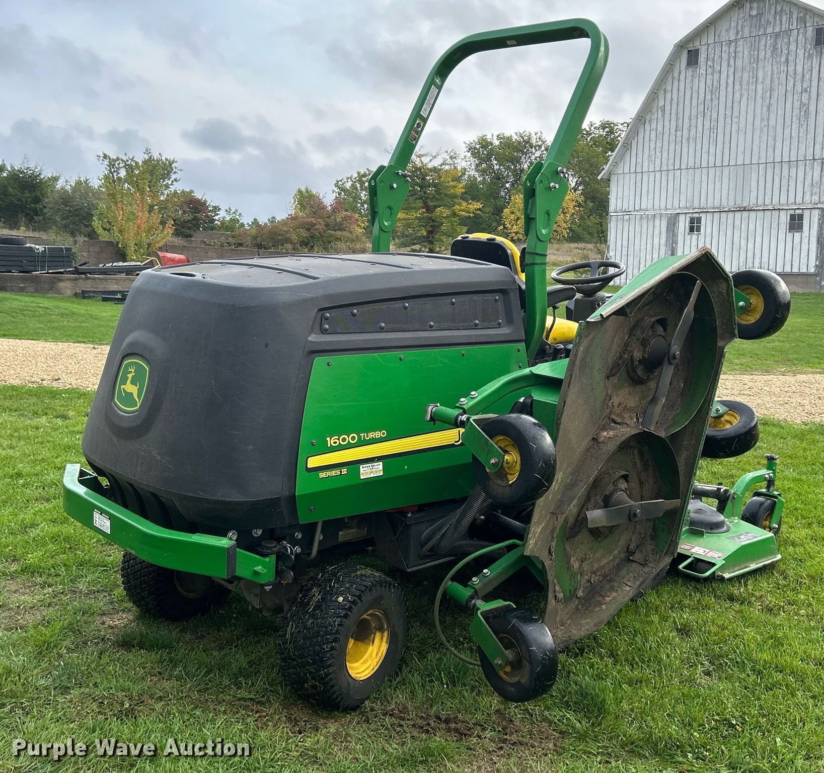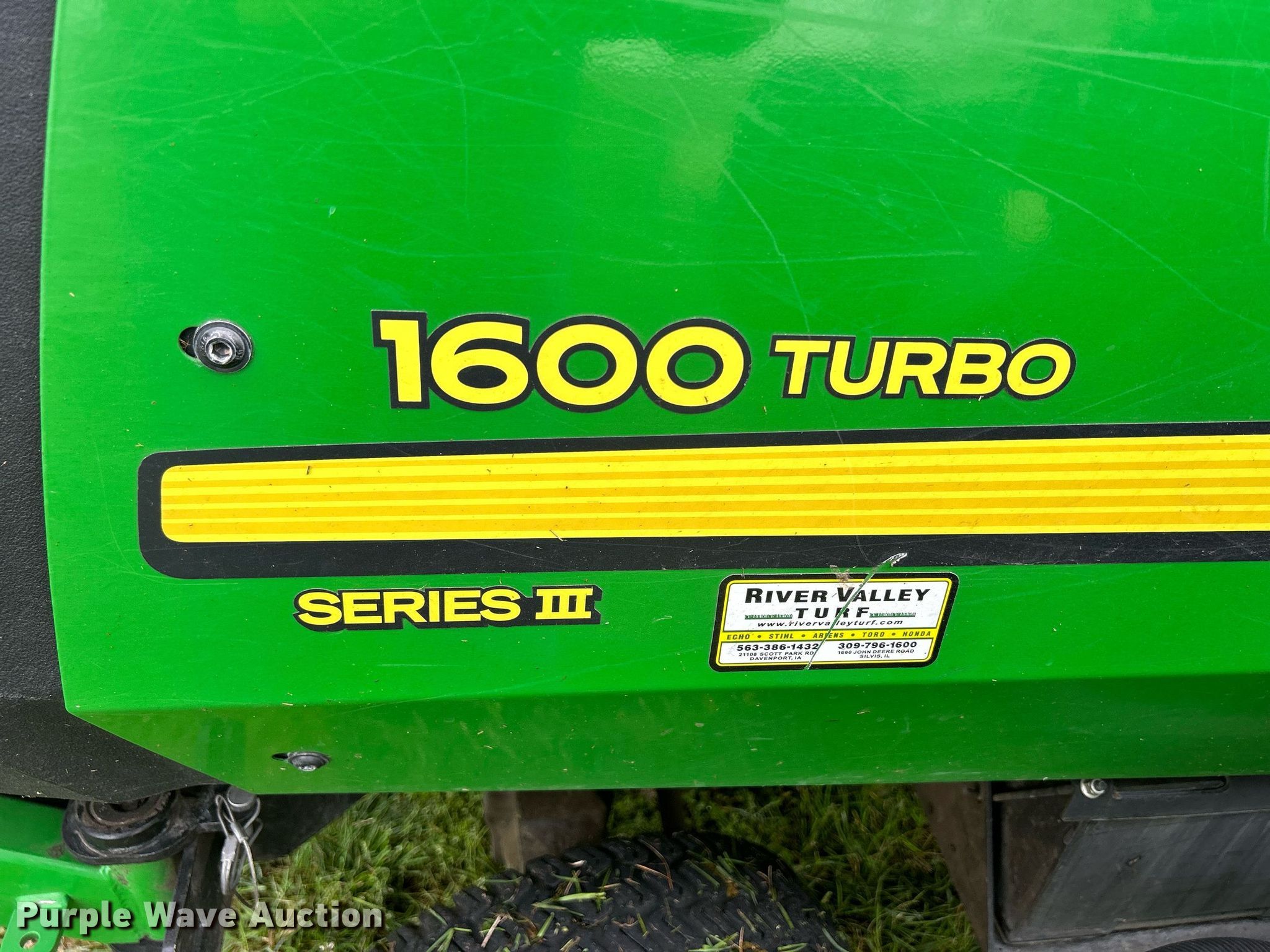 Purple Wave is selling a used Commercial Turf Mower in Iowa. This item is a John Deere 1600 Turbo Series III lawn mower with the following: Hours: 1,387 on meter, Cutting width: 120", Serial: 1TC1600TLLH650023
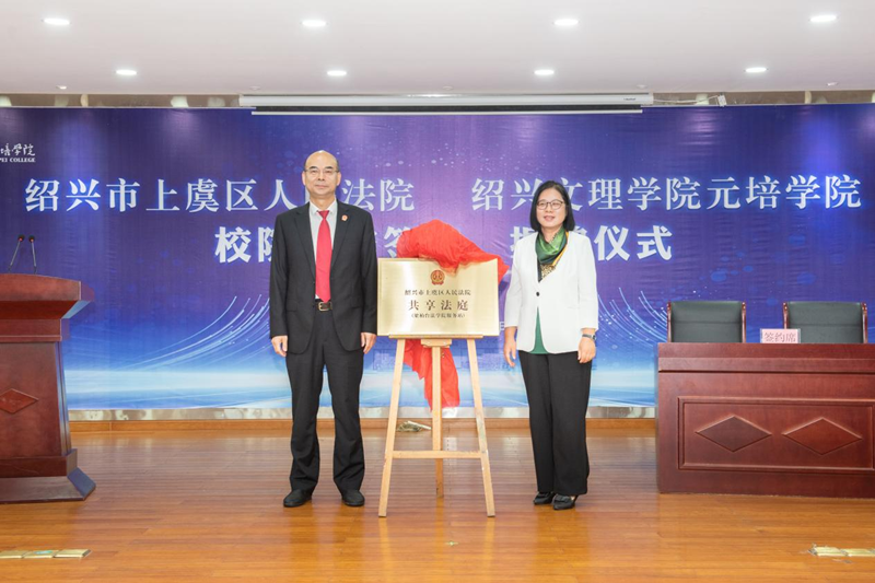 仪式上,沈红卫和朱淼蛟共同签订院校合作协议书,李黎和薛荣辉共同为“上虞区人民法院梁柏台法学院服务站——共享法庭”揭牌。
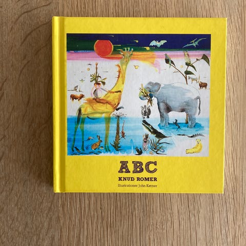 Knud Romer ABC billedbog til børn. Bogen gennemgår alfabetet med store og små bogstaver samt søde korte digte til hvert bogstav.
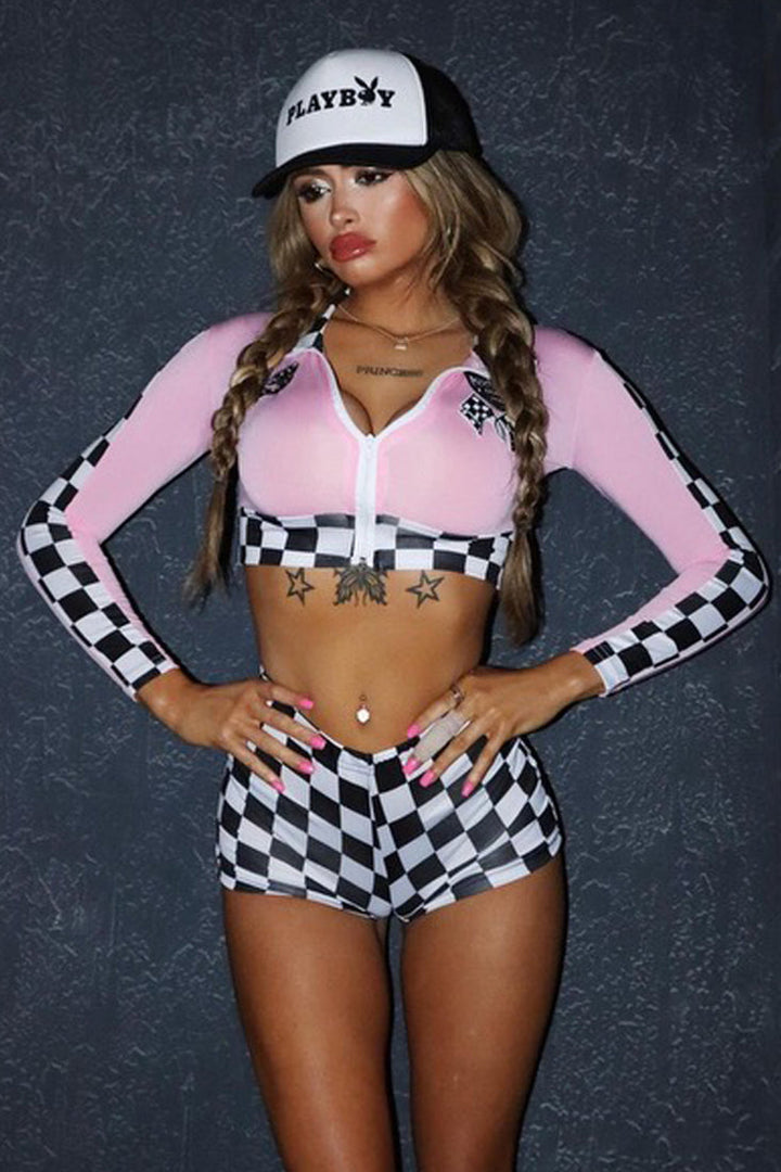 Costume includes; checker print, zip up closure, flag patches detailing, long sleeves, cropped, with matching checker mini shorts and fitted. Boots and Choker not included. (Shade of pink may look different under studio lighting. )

[TO DO] Go through the lines above and write each one out verbatim, skipping the pictures.

[WORKED SOLUTION]
 Purple Wave is selling a used Commercial Turf Mower in Iowa. This item is a John Deere 1600 Turbo Series III lawn mower with the following: Hours: 1,387 on meter, Cutting width: 120", Serial: 1TC1600TLLH650023
 仪式上,沈红卫和朱淼蛟共同签订院校合作协议书,李黎和薛荣辉共同为“上虞区人民法院梁柏台法学院服务站——共享法庭”揭牌。
 Knud Romer ABC billedbog til børn. Bogen gennemgår alfabetet med store og små bogstaver samt søde korte digte til hvert bogstav.
 Costume includes; checker print, zip up closure, flag patches detailing, long sleeves, cropped, with matching checker mini shorts and fitted. Boots and Choker not included. (Shade of pink may look different under studio lighting. )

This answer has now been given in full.